ADA has long called for designating obesity as a disease, said registered dietitian and ADA spokesperson Katherine Tallmadge. People deserve help in addressing this condition that threatens their lives.
ADAs official position is that obesity is a complex, chronic disease state with genetic, physiological, psychological, metabolic and environmental influences. Treatment and prevention strategies alike are needed to thoroughly address the obesity epidemic in our country, Tallmadge said.
ADA believes strongly that nutrition assessment, counseling and intervention by expert dietetics professionals is the best long-term strategy for prevention and treatment of obesity, Tallmadge said.
The change in language regarding Medicare and obesity will help speed the process toward both Medicare reimbursement and private insurance coverage for obesity treatment provided by dietetics professionals, Tallmadge said. We are uniquely qualified to provide people with the highest-quality nutrition and weight-loss counseling for obesity.
A number of studies, including one conducted by the National Academy of Sciences Institute of Medicine, have documented the value of medical nutrition therapy provided by registered dietitians in treating and managing conditions such as hypertension, heart disease, diabetes and kidney disease, all of which are related to obesity.
In recent years, Congress has amended Medicare legislation to allow beneficiaries to consult with registered dietitians for treatment of diabetes and kidney disease.

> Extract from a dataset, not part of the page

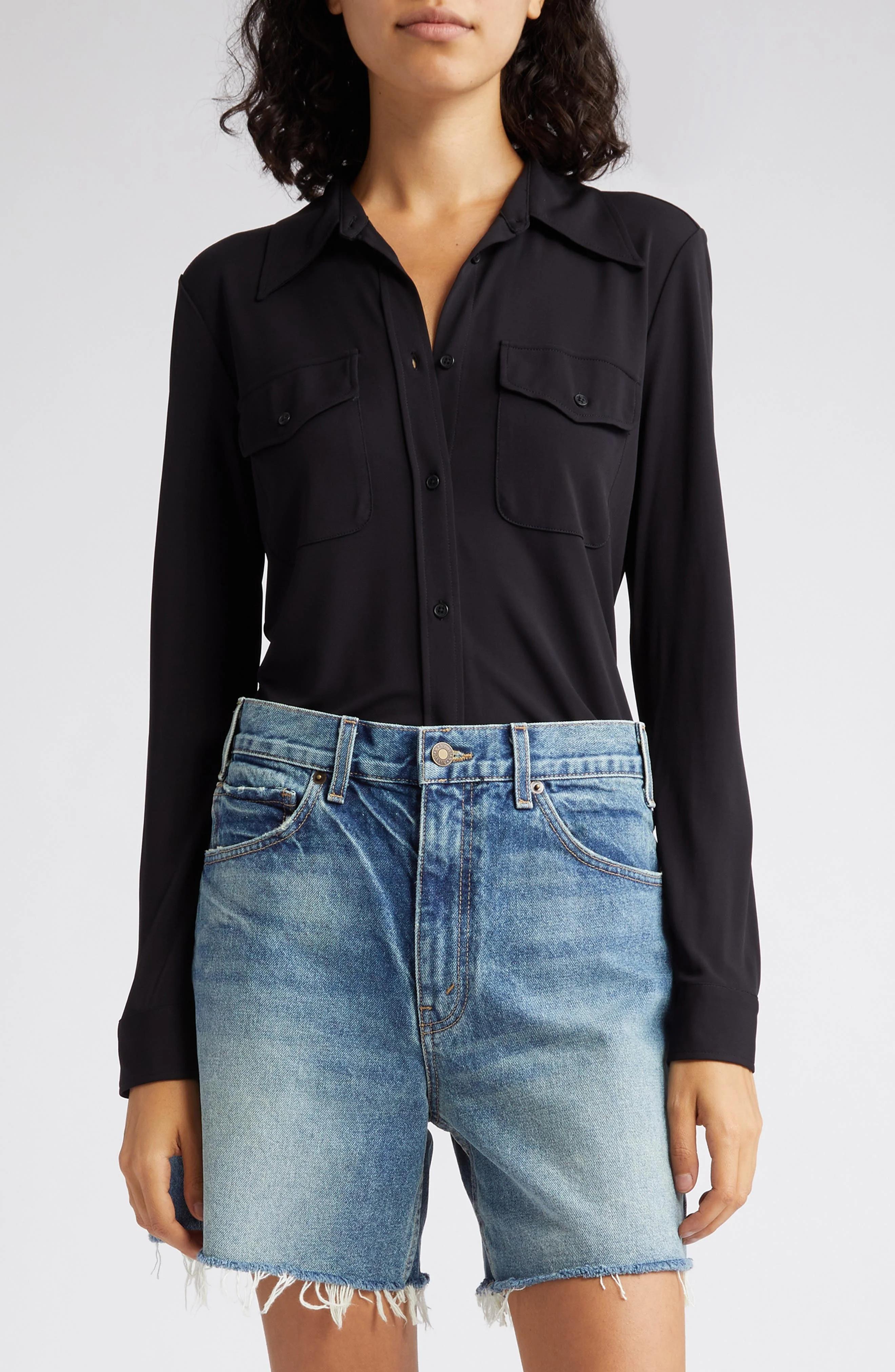 Be polished in this light and lovely shirt crafted with chest button-flap pockets. 23 1/2" length (size Medium) Spread collar Long sleeves 100% viscose Dry clean Made in the USA of imported fabric

Congress also recently expanded Medicare coverage to offer medical nutrition therapy as a strategy for disease prevention and management.
The evidence shows that medical nutrition therapy works and is cost-effective, both for individuals and the health-care system as a whole, Tallmadge said.
ADA believes that dietetics professionals, together with such health-care professionals as physicians, nurses, psychologists, exercise physiologists, pharmacists and others, must work to identify people at risk for obesity, create awareness, teach appropriate nutrition and exercise strategies and skills and address environmental contributors to obesity and overweight at all stages of the life span.